Furthermore, the proposed 550gCO2/kWh standard by the Commission would have only a limited impact on overall ETS emissions as reduced emissions in the power sector will be offset by increased emissions in other sectors with capped ETS volumes and require more infrastructure for importing gas.
For Poland and some other member states, the most difficult element of the Parliament’s position is that it leads to different solutions for different kinds of capacity mechanisms.
Largely under German pressure, the Parliament exempted “strategic reserves” from the 550gCO2/kWh standard, assisting the “strategic reserve” model for lignite plants in Germany.
Having limited annual emissions for these strategic reserves up to 200kgCO2/KW (not kWh), the Parliament’s proposal allows the dirtiest power plants to be operated for up to 500 hours for lignite and 600 hours for hard coal, according to some estimates.
In summary, the Parliament has privileged “strategic reserves” over “capacity market” despite the Commission’s traditional preference for the latter, which is more technologically-neutral and more market-oriented.
The Parliament’s proposal could undermine Poland’s efforts for a more secure and cost-effective electricity supply and decarbonisation. Power plant projects already in an advanced state, which were approved by the Commission in Poland’s “capacity market” plan, would no longer benefit from any support because the Parliament is imposing new obligations on them i.e. direct application of new standards.
The lesson investors would draw is one of detrimental uncertainty. They would not be able to rely on any assurances and regulations approved by the Commission.
Germany’s “strategic reserves” model has been promoted as cheaper and more cost-effective than the “capacity market” but there is no consensus in that claim even among German energy experts. More importantly, in Poland, a “strategic reserve” model would be more costly than the already approved “capacity market”, which is driven by free market rules.
MEPs in the ITRE committee gave the rapporteur Krišjanis Karinš a direct mandate to begin negotiations with the Council on revised electricity regulation on the EU’s power markets. The negotiations might last at least until autumn, but probably longer.
The underestimated or unintended consequences of “double standards” set by the European Parliament can be explained by complex decision-making by the EU institutions with the involvement of 28 member states with their 28 energy mixes, various dimensions of energy markets, geography, interconnectivity with neighbours and national prioritisation (instead of balancing) of the “energy triangle” objectives – security of supply, environmental and climate sustainability, competitiveness.
It results in compromises, often made at the expense of the coherent logic and the effective implementation of the EU’s strategic objectives.
An efficient EU electricity market, with its clear, non-discriminatory rules and stable regulatory frameworks and consistent signals for investors, needs efficient electricity markets in member states.
Therefore, both the Council and the European Parliament must, in their co-legislative negotiations, take fully into account the diversity of Member States’ energy profiles.

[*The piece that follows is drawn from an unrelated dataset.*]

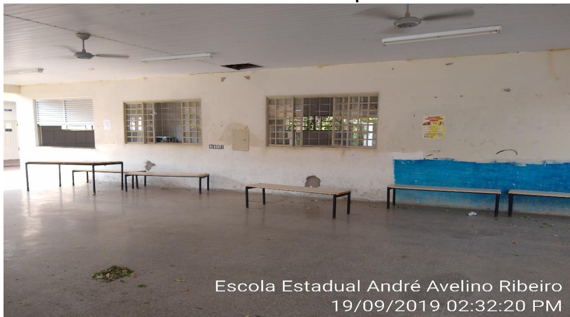
Escola Estadual André Avelino Ribeiro 19/09/2019 02:32:20 PM

permanece a construção sem conclusão. Portanto, não foi entregue a obra para a escola que está sob a responsabilidade da SEDUC. No refeitório há um canto em que eles acomodam o material referente a merenda, mas ainda não foi entregue a despensa; assim como o refeitório e a cozinha. Como já foi dito, foram liberados parcialmente a cozinha e o refeitório. Reafirmando que a cozinha não está concluída, não é elaborada a merenda, apenas biscoitos, leite e sucos são servidos, a comida não é feita. Devido ao reduzido número de funcionários: 03 fornecem a merenda, sendo 01 de apoio e dois para servir a merenda para 600 alunos em cada turno: vespertino e matutino, formando uma fila enorme de alunos. A merenda é servida de uma forma precária, onde frutas e biscoitos são disponibilizados diretamente nas mãos dos alunos.

Otherwise, neither an effective EU electricity market, nor security of supply, nor cost-effective solutions, nor the intended decarbonisation will be guaranteed…..neither on a national nor on a European-wide level. Even worse, it might fuel re-nationalisation trends in the EU; something already present to some degree.
The European Parliament’s position on electricity market design should be reconsidered in order to avoid discriminating against the energy profiles and plans of some member states – especially when they are already approved by the Commission.